Melanie Stiassny, seorang kurator di Departemen Ichthyology di American Museum of Natural History di New York City, mempelajari keanekaragaman hayati dan evolusi ikan di jeram bergolak di Kongo bawah, rentang 200 mil (322 kilometer) terakhir sebelum sungai bermuara di Samudra Atlantik di Republik Demokratik Kongo. Stiassny memimpin penelitian menyelidiki teka-teki ikan sekarat.
Lebih dari 300 spesies ikan ditemukan di Kongo bagian bawah saja, kata Stiassny pada pertemuan AGU. Jeram di sana sangat kuat sehingga mereka secara fisik memisahkan populasi ikan, mendorong spesies baru untuk berevolusi bahkan ketika tidak ada jarak fisik yang memisahkan hewan dari kerabat dekat mereka.
Tetapi bahkan di antara banyak spesies ini, satu contoh penting menonjol.
"Di satu tempat, kami menemukan ikan yang sangat aneh ini," kata Stiassny. "Ini adalah cichlid yang buta dan terasing - sangat mirip ikan gua, tetapi tidak ada gua di sungai." Dia dan rekan-rekannya bingung mengapa mereka tidak dapat menemukan individu yang hidup dari ikan ini, sampai Stiassny mendeteksi petunjuk penting pada ikan yang hampir tidak hidup.
"Ketika mati di tangan saya, gelembung terbentuk di bawah kulitnya dan di atas insangnya," tanda pasti sindrom dekompresi, kata Stiassny. Selama kenaikan cepat dari air yang sangat dalam ke kedalaman yang lebih dangkal, tekanan turun tajam dan menyebabkan gas terlarut membentuk gelembung di dalam tubuh. Jika tidak ditangani, kondisi ini bisa berakibat fatal.

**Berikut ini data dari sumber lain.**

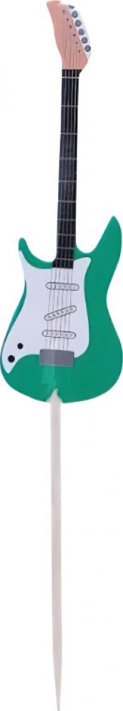 Zápich do dortu ve tvaru elektrické kytary v zelené barvě.

Itu menimbulkan pertanyaan yang sebelumnya tidak dipertimbangkan oleh para peneliti: Mungkinkah ada air yang dalam - benar-benar air yang dalam - di Kongo yang lebih rendah?
Untuk mengetahuinya, para ilmuwan mengirim pembuat kayak pemberani atas jeram pada 2008 dan 2009, yang dikerahkan dengan peralatan untuk mengukur kedalaman sungai. Para peneliti ini juga menggunakan instrumen yang disebut profiler arus akustik untuk mengukur arah dan kecepatan arus di seluruh kolom air.

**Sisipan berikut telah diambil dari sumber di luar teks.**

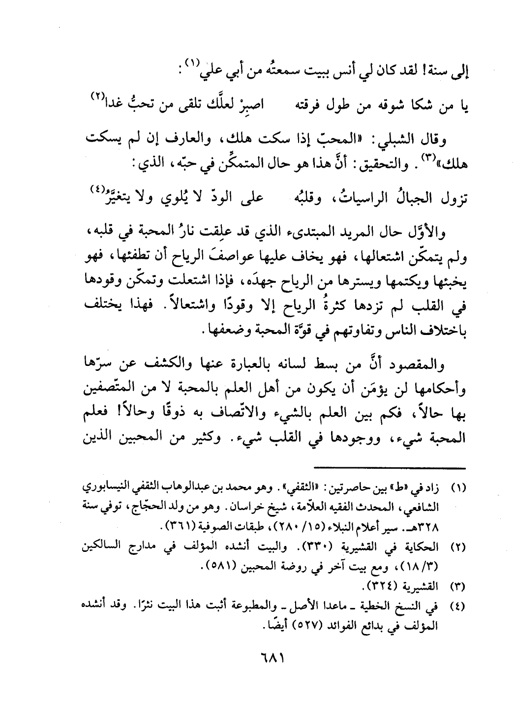 (2) الحكاية في القشيرية (330). والبيت أنشده المؤلف في مدارج السالكين

"Hasil yang kami dapatkan sangat mencengangkan: Sangat dalam. Sangat dalam," kata Stiassny.
Dasar sungai di Kongo lebih rendah terletak lebih dari 650 kaki (200 meter) di bawah permukaan, menurut temuan yang diterbitkan pada 2009 oleh Survei Geologi A.S.
Data mereka juga menunjukkan bahwa arus kuat bersepeda melalui air, menciptakan jet kuat yang melesat dari dasar sungai ke permukaan. Seekor ikan kecil yang tinggal di dekat bagian bawah yang berenang ke salah satu jet itu akan dengan cepat diluncurkan ke permukaan ratusan kaki di atas, di mana ia akan mati karena tikungan, Stiassny menjelaskan.
Sementara misteri ikan yang sekarat mungkin telah terpecahkan, masih banyak yang bisa ditemukan tentang lokasi sungai yang unik ini dan hewan-hewan yang hidup di sana. Menariknya, beberapa populasi ikan yang terisolasi satu sama lain memiliki sifat yang sama, dalam proses yang dikenal sebagai evolusi konvergen. Bagaimana hal itu terjadi dalam lingkungan yang unik dan ekstrem ini adalah pertanyaan besar berikutnya yang menyelami Stiassny dan rekan-rekannya, katanya kepada Live Science.